Fairuz Zakaria

Personal information
- Full name: Mohammad Fairuz bin Zakaria
- Date of birth: 25 May 1997 (age 29)
- Place of birth: Penang, Malaysia
- Height: 1.73 m (5 ft 8 in)
- Position: Full-back

Team information
- Current team: AAK UNISEL
- Number: 15

Youth career
- 2018–2019: Kedah Darul Aman U21

Senior career*
- Years: Team / Apps / (Gls)
- 2019: Perlis Northern Lions / 0 / (0)
- 2019: Kedah Darul Aman / 0 / (0)
- 2020: Penang / 8 / (0)
- 2021: Kedah Darul Aman / 12 / (0)
- 2022–2025: Penang / 40 / (0)
- 2025–2026: DPMM / 19 / (0)
- 2026–: AAK UNISEL / 0 / (0)

= Fairuz Zakaria =

Malaysian footballer

Mohammad Fairuz bin Zakaria (born 25 May 1997) is a Malaysian professional footballer who plays as a full-back for AAK UNISEL FC of the Malaysia A1 Semi-Pro League.

==Playing career ==

Fairuz was a member of the Kedah Darul Aman under-21 team that reached all the way to the final of the 2018 Piala Presiden where they were beaten by Terengganu III.

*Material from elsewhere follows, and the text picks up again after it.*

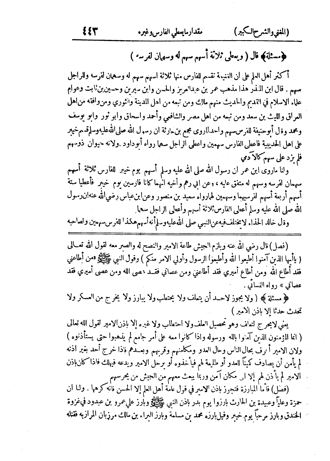 (مسألة) (ولا يجوز لأحد أن يتعلف ولا يحتطب ولا يبارز ولا يخرج من العسكر ولا تحدث حدثا إلا بإذن الأمير) يعني لا يحرج لتعلف وهو تحصيل العلف ولا احتطاب ولا غيره إلا بإذن الأمير لقول الله تعالى (إنما المؤمنون الذين آمنوا بالله ورسوله وإذا كانوا معه على أمر جامع لم يذهبوا حتى يستأذنوه) ولأن الأمير أعرف بحال الناس وحال العدو ومكامنهم وقربهم وبعدهم فإذا خرج أحد بغير إذنه

At the start of the 2019 Malaysia Premier League, Fairuz moved to Perlis Northern Lions but the team were disqualified from the league after only three matches played due to inaccurate documentation of feasibility by the Malaysian Football League (MFL). Fairuz returned to Kedah Darul Aman, being registered with the first team in mid-season.

Fairuz's next destination was Penang for the 2020 Malaysia Premier League and he helped the islanders win the championship after 11 games and subsequent promotion to the 2021 Malaysia Super League. He returned to Kedah the year after and was a steady fixture at left back, boosting Sang Kenari to a second-place finish behind Johor Darul Ta'zim who also eliminated them from the year's Malaysia Cup.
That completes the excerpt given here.